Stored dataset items

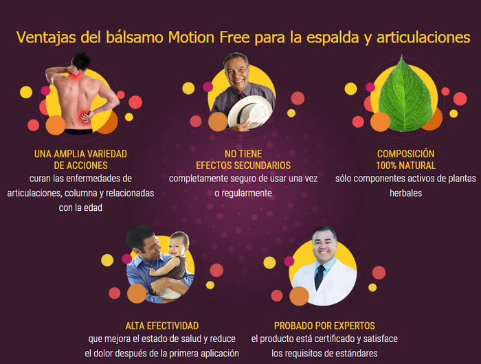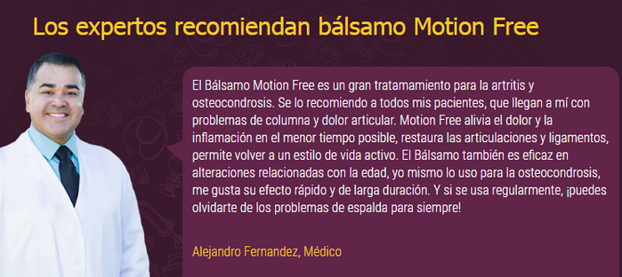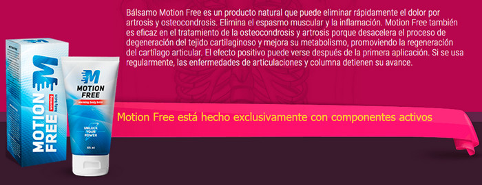 La incomodidad, la rigidez de los movimientos, el dolor en las articulaciones son signos seguros de trastornos patológicos en los tejidos que requieren un tratamiento oportuno y competente. Uno de los remedios probados más eficaces para las enfermedades de las articulaciones es Motion Free. La fórmula única de la crema se basa en 27 ingredientes naturales. El uso de este remedio lo aliviará rápidamente de un dolor insoportable, aliviará la hinchazón y la inflamación, restablecerá la movilidad articular y lo devolverá a una vida plena. Miles de pacientes ya se han convencido de que el fármaco funciona.
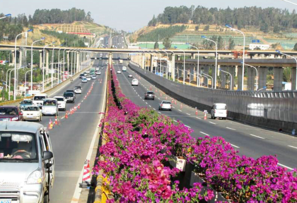 主要運(yùn)用于高架橋、人行天橋垂直綠化、建筑物墻面和陽臺(tái)垂直綠化、河道綠化等。高架橋垂直綠化采用輕質(zhì)蓄水循環(huán)一體 化系統(tǒng),該系統(tǒng)具有自動(dòng)灌溉、集中排水等功能。所用種植容器具有蓄水、保溫隔熱功能,采用新型材料,具有重量輕、耐老化、使用壽命長,環(huán)保、造型美觀等特點(diǎn)。懸掛系統(tǒng)結(jié)構(gòu)簡單、牢固、重量輕、耐銹蝕。采用隱藏式安裝,與橋梁結(jié)合緊密、達(dá)到整體景觀效果。
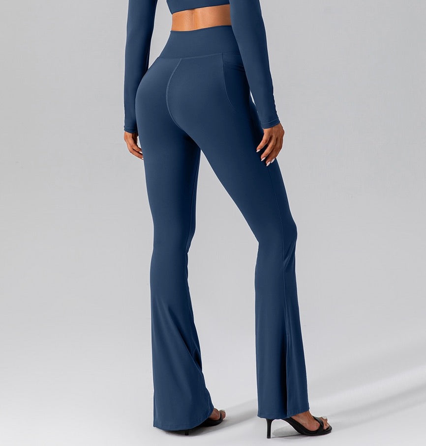 Stretchy & Sculpting High Waist Flared Leggings with Side Slit– Ideal for Workouts, Yoga & Everyday Wear
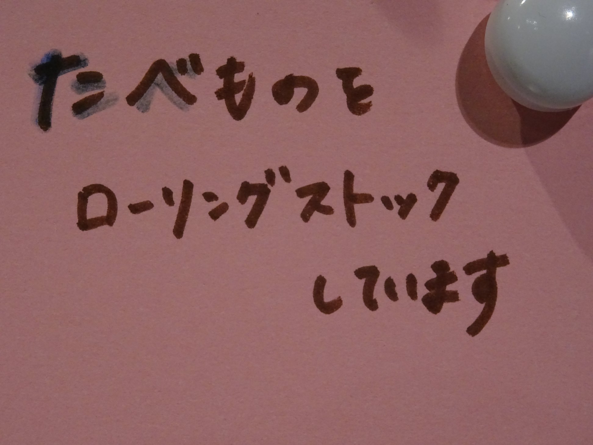 お米をはじめ、普段普通に食べている物を、プラスして買い置き、順番に使っていくので、ムダにならない『ローリング備蓄』。
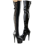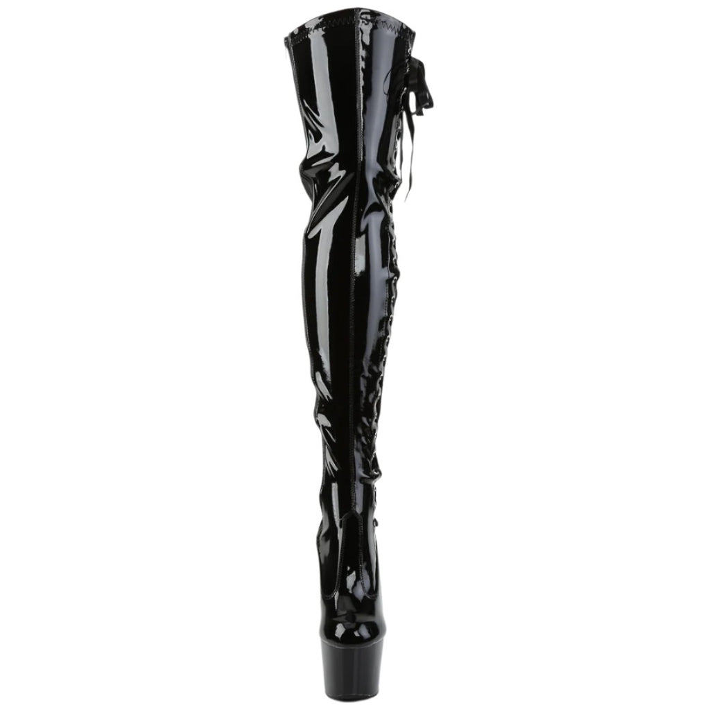 Pleaser Adore-3050 Black Stretch Patent Thigh Boots
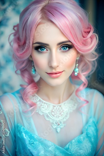 Timeless Elegance: Close-Up of Saira in Victorian Blue with Bubblegum-Pink Hair and Dreamlike Aura
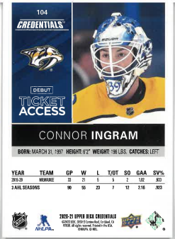 2020-21 UD Credentials Debut Ticket Access Connor Ingram /999 č. 104
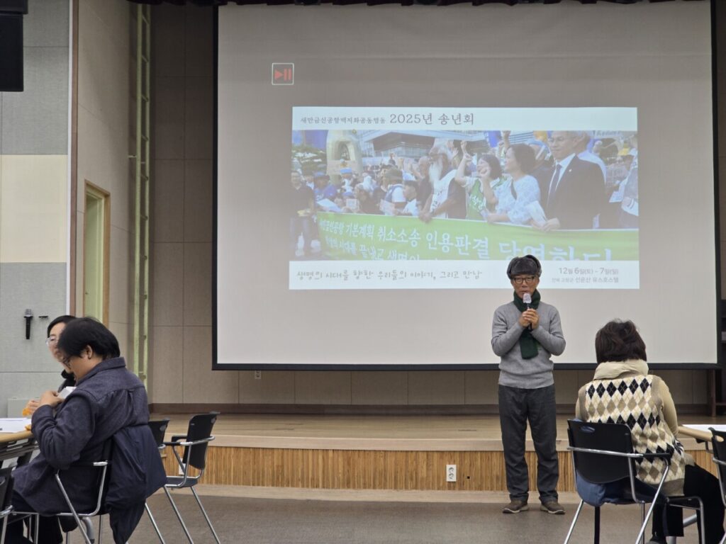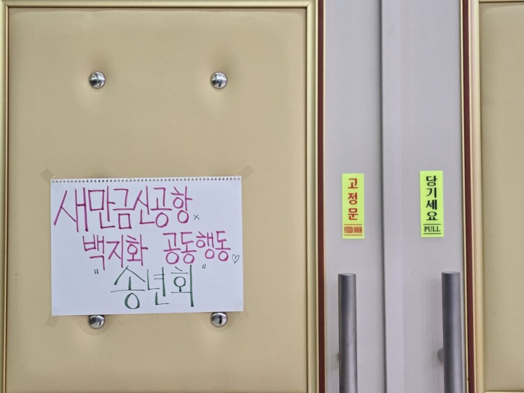 새만금신공항 백지화공동행동 2025년 송년회 잘 마쳤습니다. 해고라는 힘든 시기 속에서도 기꺼이 송년회 준비위원장을 맡아주신 강형석 님, 바쁘신 와중에 열심히 준비팀으로 애써주신 김명이·김은실·김희진·박은서·딸기 님 덕분에 1박 2일 동안 공동행동의 활동과 투쟁에 대한 태도와 마음에 대해서도 고민해볼 수 있는 시간이었습니다. 게임 시간도 넘 재밌어서 오랜만에 많이 웃었어요. 맛있는 비건 식당 찾아서 예약하는 일이 쉽지 않은 일인데, 함께 나눈 세 끼의 식사 모두 참으로 맛있고 귀한 식사였습니다. 겨울의 고요한 운곡 람사르습지를 함께 걸었던 시간도 참 좋았습니다. 수라갯벌도 람사르 습지로 등록해봅시닷. 아자아자!!!
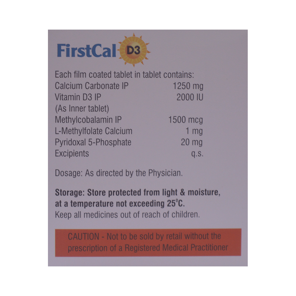 Firstcal D3 Tablet is a combination of five medicines : Calcium Carbonate, Vitamin D3, Methylcobalamin, L-Methyl Folate Calcium, and Pyridoxal-5-phosphate. Calcium carbonate is a dietary supplement used when the amount of calcium taken in the diet is not enough. Vitamin D3 is a form of vitamin D. It raises vitamin D levels in your blood. This in turn raises calcium levels in your blood by helping you absorb more calcium from food. Methylcobalamin is a form of vitamin B12 that restores its level in the body thereby helping in treating certain anemias and nerve problems. L-Methyl Folate Calcium and Pyridoxal-5-phosphate are nutritional supplements that provide essential nutrients to our body and improve overall health.

**WHAT YOU ARE ASKED TO DO:**
Word for word, write out each of the records, but not the pictures.

**RESPONSE TO THE TASK:**
 La incomodidad, la rigidez de los movimientos, el dolor en las articulaciones son signos seguros de trastornos patológicos en los tejidos que requieren un tratamiento oportuno y competente. Uno de los remedios probados más eficaces para las enfermedades de las articulaciones es Motion Free. La fórmula única de la crema se basa en 27 ingredientes naturales. El uso de este remedio lo aliviará rápidamente de un dolor insoportable, aliviará la hinchazón y la inflamación, restablecerá la movilidad articular y lo devolverá a una vida plena. Miles de pacientes ya se han convencido de que el fármaco funciona.
 主要運(yùn)用于高架橋、人行天橋垂直綠化、建筑物墻面和陽臺(tái)垂直綠化、河道綠化等。高架橋垂直綠化采用輕質(zhì)蓄水循環(huán)一體 化系統(tǒng),該系統(tǒng)具有自動(dòng)灌溉、集中排水等功能。所用種植容器具有蓄水、保溫隔熱功能,采用新型材料,具有重量輕、耐老化、使用壽命長,環(huán)保、造型美觀等特點(diǎn)。懸掛系統(tǒng)結(jié)構(gòu)簡單、牢固、重量輕、耐銹蝕。采用隱藏式安裝,與橋梁結(jié)合緊密、達(dá)到整體景觀效果。
 Stretchy & Sculpting High Waist Flared Leggings with Side Slit– Ideal for Workouts, Yoga & Everyday Wear
 お米をはじめ、普段普通に食べている物を、プラスして買い置き、順番に使っていくので、ムダにならない『ローリング備蓄』。
 Pleaser Adore-3050 Black Stretch Patent Thigh Boots
 Timeless Elegance: Close-Up of Saira in Victorian Blue with Bubblegum-Pink Hair and Dreamlike Aura
 2020-21 UD Credentials Debut Ticket Access Connor Ingram /999 č. 104
 새만금신공항 백지화공동행동 2025년 송년회 잘 마쳤습니다. 해고라는 힘든 시기 속에서도 기꺼이 송년회 준비위원장을 맡아주신 강형석 님, 바쁘신 와중에 열심히 준비팀으로 애써주신 김명이·김은실·김희진·박은서·딸기 님 덕분에 1박 2일 동안 공동행동의 활동과 투쟁에 대한 태도와 마음에 대해서도 고민해볼 수 있는 시간이었습니다. 게임 시간도 넘 재밌어서 오랜만에 많이 웃었어요. 맛있는 비건 식당 찾아서 예약하는 일이 쉽지 않은 일인데, 함께 나눈 세 끼의 식사 모두 참으로 맛있고 귀한 식사였습니다. 겨울의 고요한 운곡 람사르습지를 함께 걸었던 시간도 참 좋았습니다. 수라갯벌도 람사르 습지로 등록해봅시닷. 아자아자!!!
 Firstcal D3 Tablet is a combination of five medicines : Calcium Carbonate, Vitamin D3, Methylcobalamin, L-Methyl Folate Calcium, and Pyridoxal-5-phosphate. Calcium carbonate is a dietary supplement used when the amount of calcium taken in the diet is not enough. Vitamin D3 is a form of vitamin D. It raises vitamin D levels in your blood. This in turn raises calcium levels in your blood by helping you absorb more calcium from food. Methylcobalamin is a form of vitamin B12 that restores its level in the body thereby helping in treating certain anemias and nerve problems. L-Methyl Folate Calcium and Pyridoxal-5-phosphate are nutritional supplements that provide essential nutrients to our body and improve overall health.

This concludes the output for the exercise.